Data provided
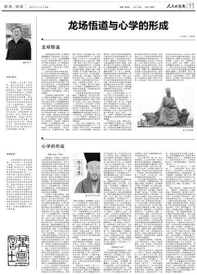 2017年12月18日《人民政协报》第11版“学术讲坛”刊载贵州大学中国文化书院荣誉院长、贵州阳明文化研究院副院长、中国明史学会王阳明研究会副会长、国际儒学联合会理事、贵州儒学研究会会长张新民教授在中国艺术研究院研究生院高端文化艺术讲座“名师讲坛”上的演讲整理文稿。全文如下:
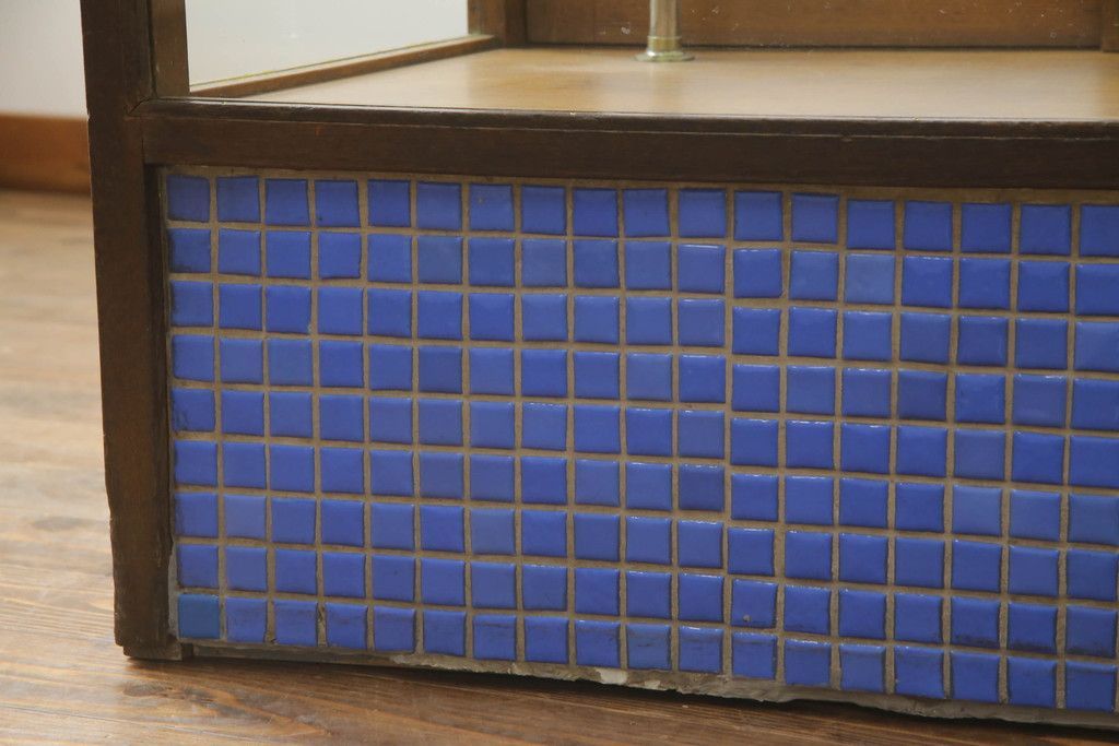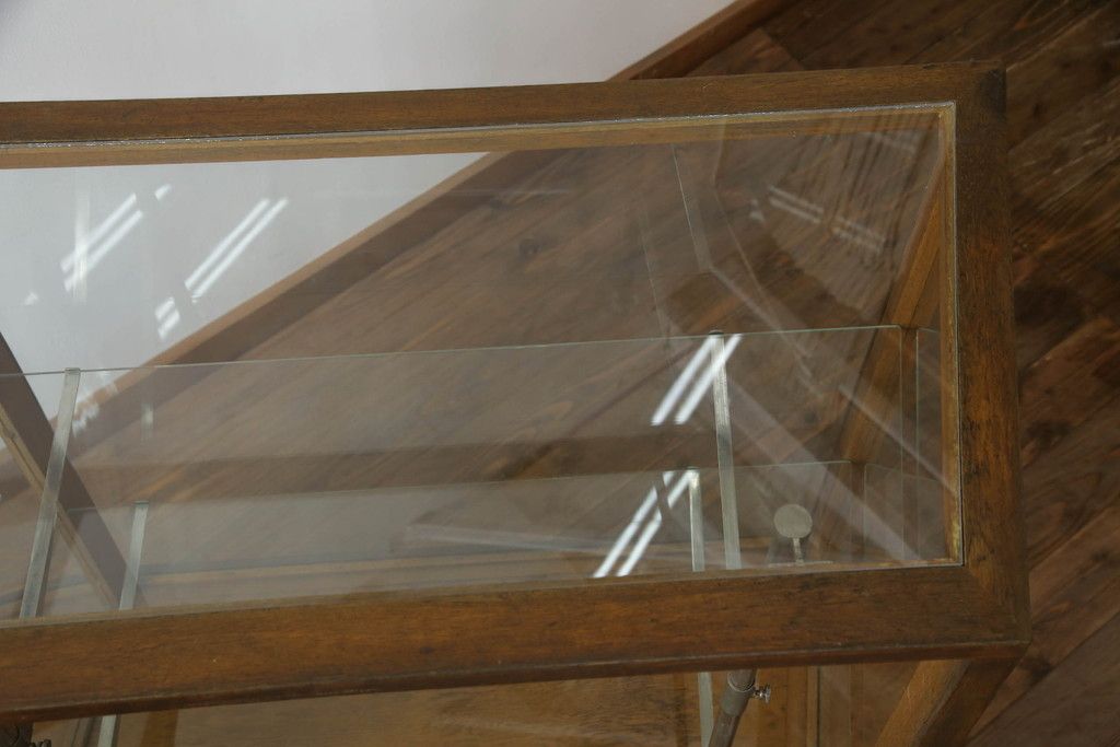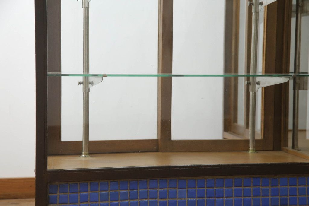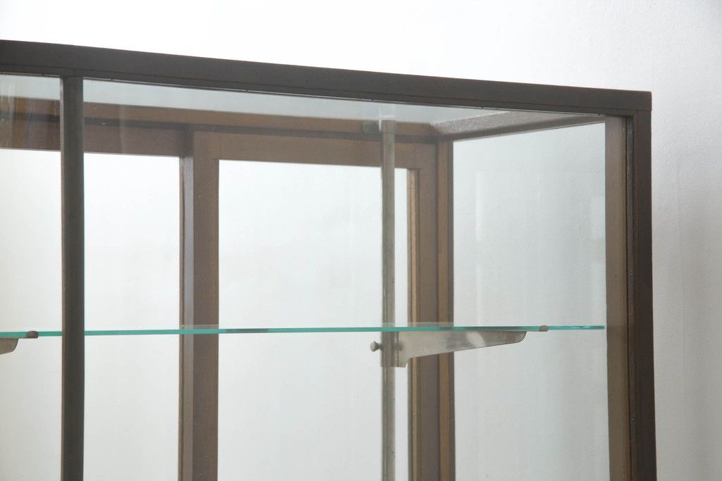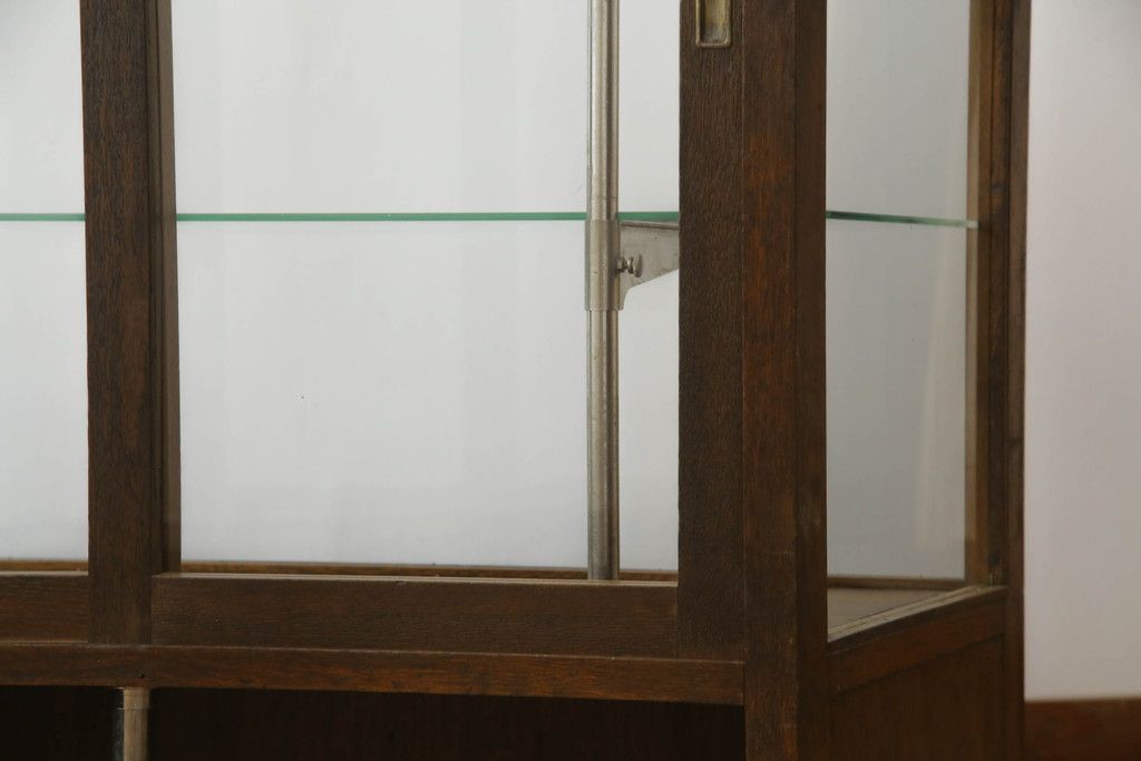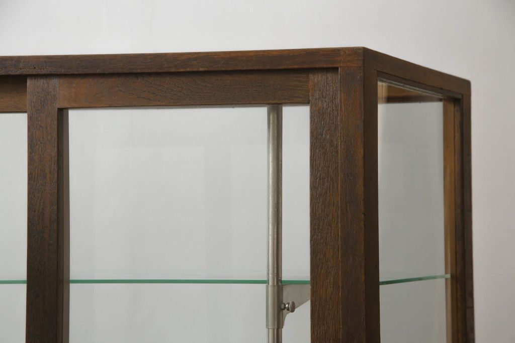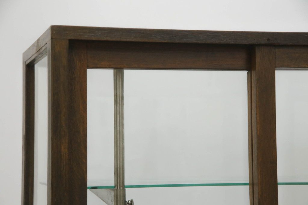 ガラスケース・ショーケース> カウンターショーケース > L字ガラスケースをリペア&カスタム!高品質リペアを施し、下部は物を収納できるようオープン仕様に。1トーン落ち着いた色味に着色仕上げ。(Rガラス、ショーケース、店舗什器、陳列棚、曲げガラス)
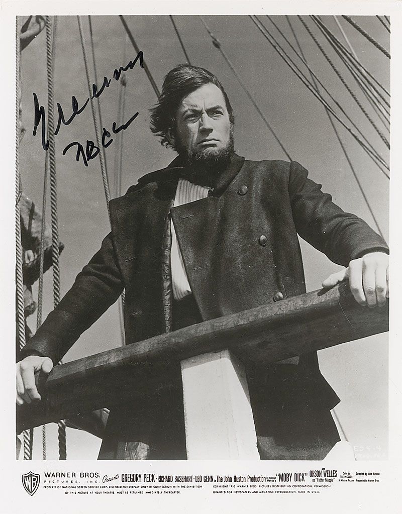 Glossy 8 x 10 photo of Peck as Captain Ahab in the Warner Bros. screen adaptation of Moby Dick, signed in black felt tip. In fine condition.
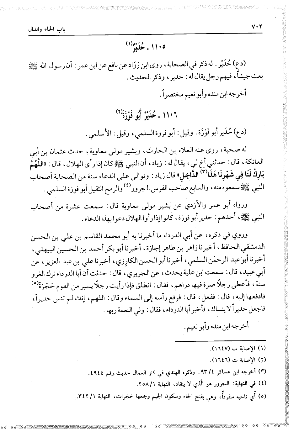 ورواه أَبُو عمر، والأزدي، عن بشير مولى معاوية، قال: سمعت عشرة من أصحاب النَّبِيّ صَلَّى اللَّهُ عَلَيْهِ وَسَلَّمَ أحدهم: حدير أَبُو فوزة، كانوا إذا رأوا الهلال دعوا بهذا الدعاء وروى في ذكره عن أَبِي الدرداء:

Problem requirements
An exact copy of all the lines above is required, with the pictures removed.

Result for this task
 2017年12月18日《人民政协报》第11版“学术讲坛”刊载贵州大学中国文化书院荣誉院长、贵州阳明文化研究院副院长、中国明史学会王阳明研究会副会长、国际儒学联合会理事、贵州儒学研究会会长张新民教授在中国艺术研究院研究生院高端文化艺术讲座“名师讲坛”上的演讲整理文稿。全文如下:
 ガラスケース・ショーケース> カウンターショーケース > L字ガラスケースをリペア&カスタム!高品質リペアを施し、下部は物を収納できるようオープン仕様に。1トーン落ち着いた色味に着色仕上げ。(Rガラス、ショーケース、店舗什器、陳列棚、曲げガラス)
 Glossy 8 x 10 photo of Peck as Captain Ahab in the Warner Bros. screen adaptation of Moby Dick, signed in black felt tip. In fine condition.
 ورواه أَبُو عمر، والأزدي، عن بشير مولى معاوية، قال: سمعت عشرة من أصحاب النَّبِيّ صَلَّى اللَّهُ عَلَيْهِ وَسَلَّمَ أحدهم: حدير أَبُو فوزة، كانوا إذا رأوا الهلال دعوا بهذا الدعاء وروى في ذكره عن أَبِي الدرداء:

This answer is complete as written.